Mortgage blog: Record low rates see the biggest jump in lending since the housing boom
Official figures from the Bank of England have confirmed what many experts have been saying over recent weeks: namely that mortgage rates in the UK have now reached a record low. The average mortgage interest rate in the second quarter of 2013 fell to 3.43% while the average rate for new mortgages tumbled from 3.65% to 3.47%.
And access to cheaper mortgage deals has had a significant effect on the UK's mortgage market with lending in the summer of 2013 having reached its highest level since before the global financial crisis. We analyse the new data and look at whether mortgage rates have reached rock bottom.
Average mortgage rate falls to record low
The latest data from the Bank of England has revealed that the average mortgage interest rate fell to 3.43% in the three months to June, down from 3.47% the previous quarter. This is the lowest figure since the Bank's records began in 2007 but experts believe it is the lowest level ever thanks to the low base rate and the impact of the Funding for Lending scheme.
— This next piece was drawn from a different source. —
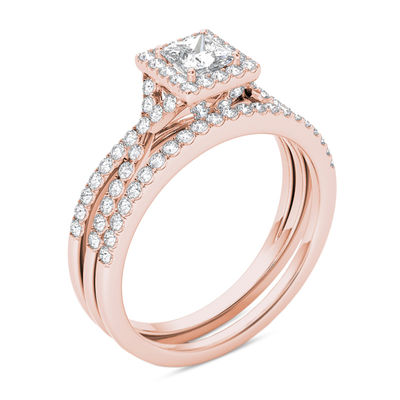 1 Ct T W Princess Cut Diamond Frame Twist Bridal Set In 14k Rose Gold Zales

A spokesman for the Council of Mortgage Lenders said: "Such low rates are keeping costs down for existing borrowers and they are also enabling people to get on the housing ladder more affordably, even though house prices remain high. Interest rates will remain low for the foreseeable future, but both householders and lenders need to stress-test an ability to service higher rates at some point in the future."
The Bank of England figures also revealed that these low rates have resulted in the highest jump in mortgage lending since 2007. The total value of new mortgages advanced between April and June 2013 reached £41.6bn, a rise of 23% on the first quarter and the highest quarterly increase since 2007. The value of first-time buyer loans also rose significantly year up year, reaching £8bn in the second quarter of 2013 - a 31% rise.
"While it's great news for borrowers that rates have hit a record low, there are signs that deals are at rock bottom," said Keith Osborne, editor of WhatHouse.co.uk. "Even since the Bank of England data was compiled rates have started to creep up and so we may not see mortgage deals at these sorts of levels for very long. If you're thinking of remortgaging or getting a new mortgage now could well be the time to do it. It's very unlikely that deals are going to get any cheaper and so it may well pay to take advantage of the current products sooner rather than later."